• _WORK ORDER_
Please give the records below again in full, exactly, with the images left out.

··· RAW DATA ···

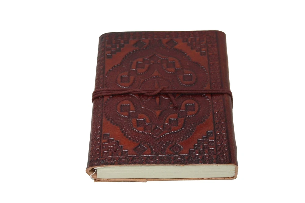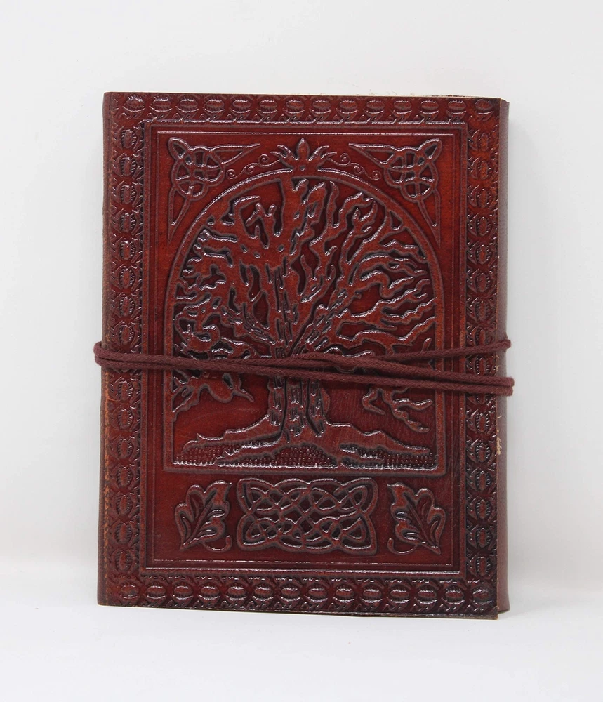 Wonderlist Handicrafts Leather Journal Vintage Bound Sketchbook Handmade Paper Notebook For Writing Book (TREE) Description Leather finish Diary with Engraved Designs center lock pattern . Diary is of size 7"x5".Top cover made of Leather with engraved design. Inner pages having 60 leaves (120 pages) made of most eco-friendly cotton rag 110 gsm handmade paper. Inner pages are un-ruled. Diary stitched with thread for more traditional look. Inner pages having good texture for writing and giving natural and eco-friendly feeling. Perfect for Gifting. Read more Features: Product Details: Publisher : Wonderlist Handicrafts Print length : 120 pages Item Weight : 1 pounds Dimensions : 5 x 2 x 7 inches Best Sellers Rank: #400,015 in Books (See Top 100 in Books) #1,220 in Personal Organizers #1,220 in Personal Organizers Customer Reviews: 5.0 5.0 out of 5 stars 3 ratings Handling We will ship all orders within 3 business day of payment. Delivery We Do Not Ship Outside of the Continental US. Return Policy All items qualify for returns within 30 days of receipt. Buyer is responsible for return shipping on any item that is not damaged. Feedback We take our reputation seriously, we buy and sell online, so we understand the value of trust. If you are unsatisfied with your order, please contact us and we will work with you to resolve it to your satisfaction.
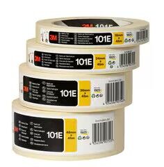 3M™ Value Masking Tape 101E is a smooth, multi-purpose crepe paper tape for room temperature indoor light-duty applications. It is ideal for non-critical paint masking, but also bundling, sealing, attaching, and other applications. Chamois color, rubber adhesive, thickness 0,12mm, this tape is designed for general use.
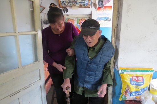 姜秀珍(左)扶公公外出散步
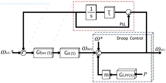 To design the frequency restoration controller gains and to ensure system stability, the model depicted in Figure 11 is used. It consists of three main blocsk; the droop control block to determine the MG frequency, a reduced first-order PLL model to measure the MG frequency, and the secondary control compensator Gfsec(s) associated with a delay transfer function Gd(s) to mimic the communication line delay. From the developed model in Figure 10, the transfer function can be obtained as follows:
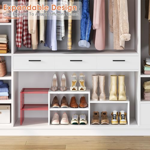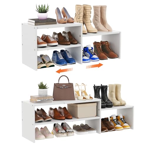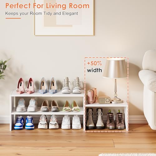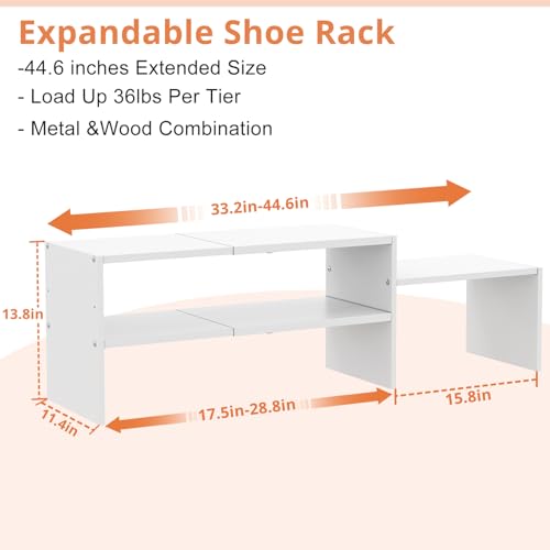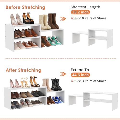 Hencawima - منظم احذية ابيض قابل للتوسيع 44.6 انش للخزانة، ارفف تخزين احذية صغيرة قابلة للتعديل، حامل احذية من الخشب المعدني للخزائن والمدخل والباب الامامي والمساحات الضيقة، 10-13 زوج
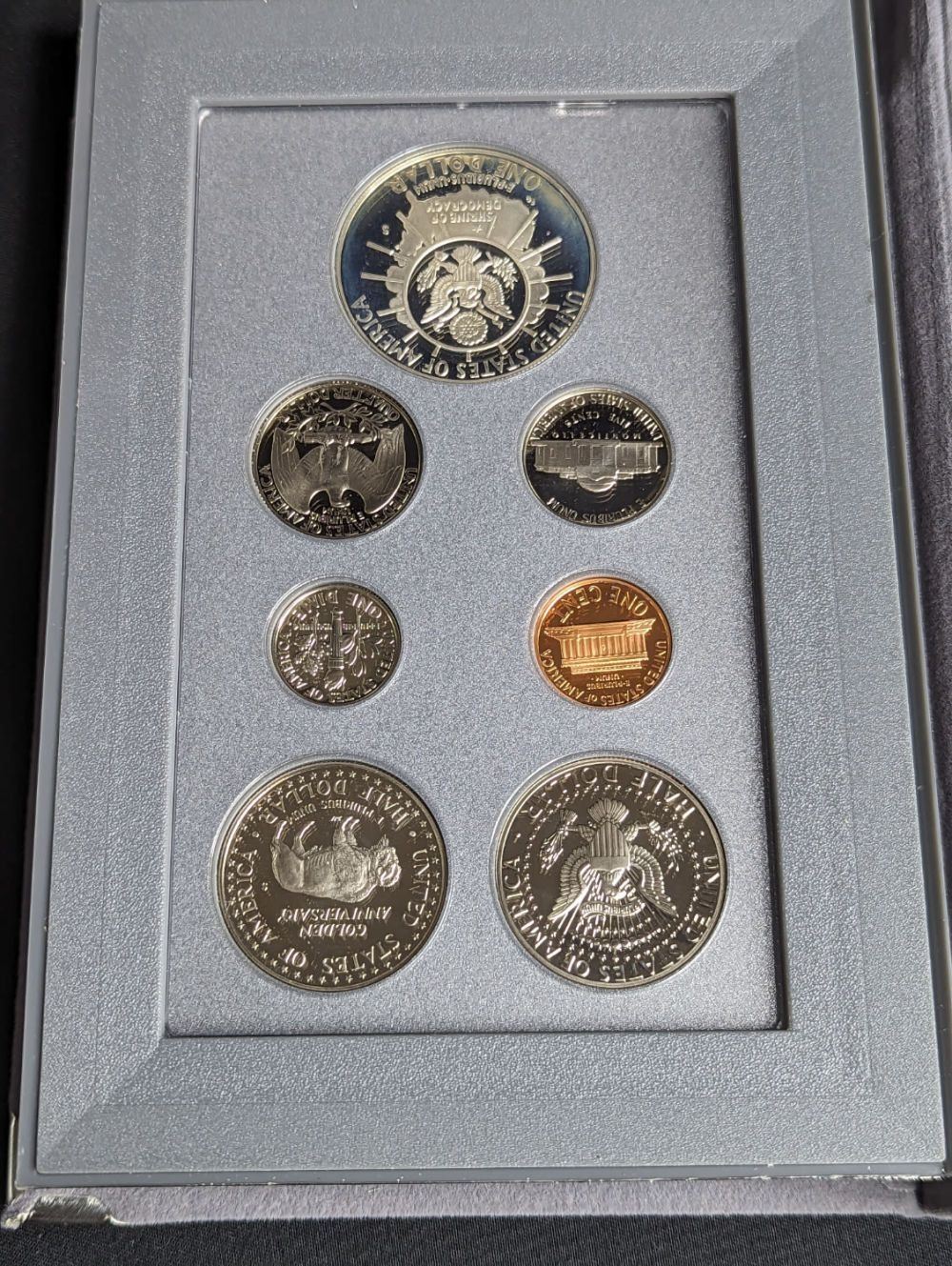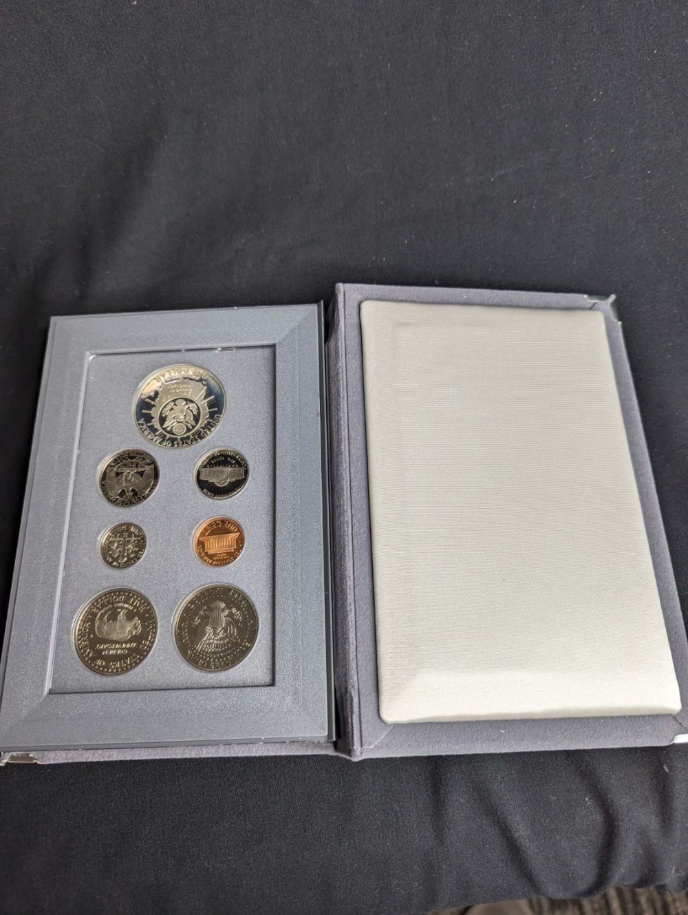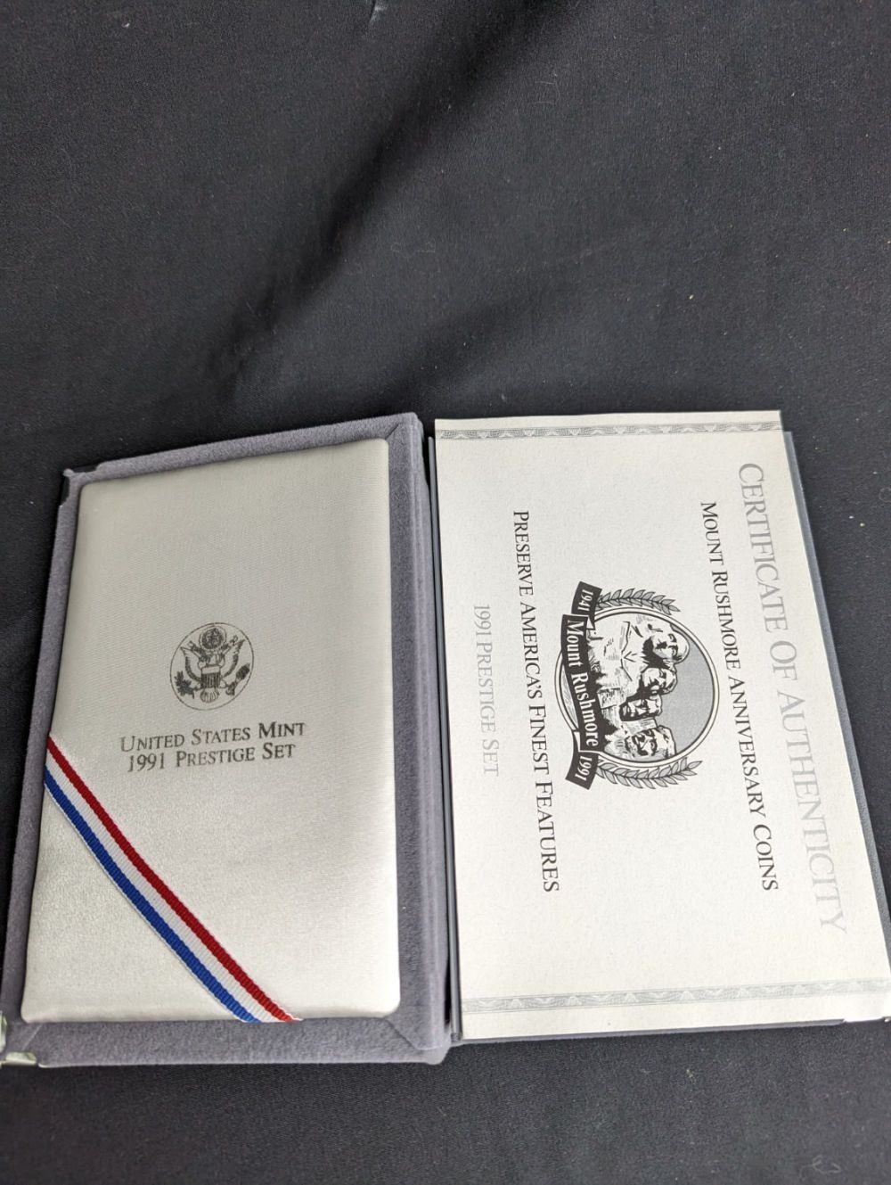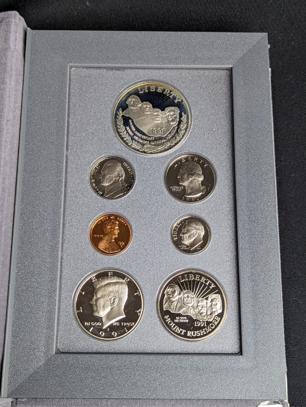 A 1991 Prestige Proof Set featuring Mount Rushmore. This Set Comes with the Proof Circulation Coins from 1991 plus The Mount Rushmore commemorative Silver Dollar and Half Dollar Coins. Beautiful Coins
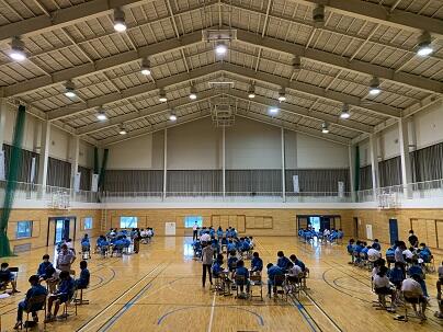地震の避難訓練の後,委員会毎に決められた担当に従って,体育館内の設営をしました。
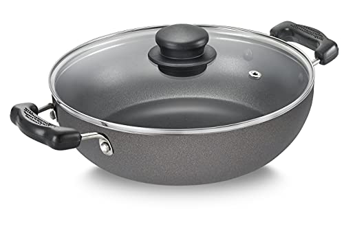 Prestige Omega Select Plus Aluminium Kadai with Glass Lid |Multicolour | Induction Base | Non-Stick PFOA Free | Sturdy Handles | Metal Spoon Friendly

···

• _EXPECTED ANSWER_
 Wonderlist Handicrafts Leather Journal Vintage Bound Sketchbook Handmade Paper Notebook For Writing Book (TREE) Description Leather finish Diary with Engraved Designs center lock pattern . Diary is of size 7"x5".Top cover made of Leather with engraved design. Inner pages having 60 leaves (120 pages) made of most eco-friendly cotton rag 110 gsm handmade paper. Inner pages are un-ruled. Diary stitched with thread for more traditional look. Inner pages having good texture for writing and giving natural and eco-friendly feeling. Perfect for Gifting. Read more Features: Product Details: Publisher : Wonderlist Handicrafts Print length : 120 pages Item Weight : 1 pounds Dimensions : 5 x 2 x 7 inches Best Sellers Rank: #400,015 in Books (See Top 100 in Books) #1,220 in Personal Organizers #1,220 in Personal Organizers Customer Reviews: 5.0 5.0 out of 5 stars 3 ratings Handling We will ship all orders within 3 business day of payment. Delivery We Do Not Ship Outside of the Continental US. Return Policy All items qualify for returns within 30 days of receipt. Buyer is responsible for return shipping on any item that is not damaged. Feedback We take our reputation seriously, we buy and sell online, so we understand the value of trust. If you are unsatisfied with your order, please contact us and we will work with you to resolve it to your satisfaction.
 3M™ Value Masking Tape 101E is a smooth, multi-purpose crepe paper tape for room temperature indoor light-duty applications. It is ideal for non-critical paint masking, but also bundling, sealing, attaching, and other applications. Chamois color, rubber adhesive, thickness 0,12mm, this tape is designed for general use.
 姜秀珍(左)扶公公外出散步
 To design the frequency restoration controller gains and to ensure system stability, the model depicted in Figure 11 is used. It consists of three main blocsk; the droop control block to determine the MG frequency, a reduced first-order PLL model to measure the MG frequency, and the secondary control compensator Gfsec(s) associated with a delay transfer function Gd(s) to mimic the communication line delay. From the developed model in Figure 10, the transfer function can be obtained as follows:
 Hencawima - منظم احذية ابيض قابل للتوسيع 44.6 انش للخزانة، ارفف تخزين احذية صغيرة قابلة للتعديل، حامل احذية من الخشب المعدني للخزائن والمدخل والباب الامامي والمساحات الضيقة، 10-13 زوج
 A 1991 Prestige Proof Set featuring Mount Rushmore. This Set Comes with the Proof Circulation Coins from 1991 plus The Mount Rushmore commemorative Silver Dollar and Half Dollar Coins. Beautiful Coins
地震の避難訓練の後,委員会毎に決められた担当に従って,体育館内の設営をしました。
 Prestige Omega Select Plus Aluminium Kadai with Glass Lid |Multicolour | Induction Base | Non-Stick PFOA Free | Sturdy Handles | Metal Spoon Friendly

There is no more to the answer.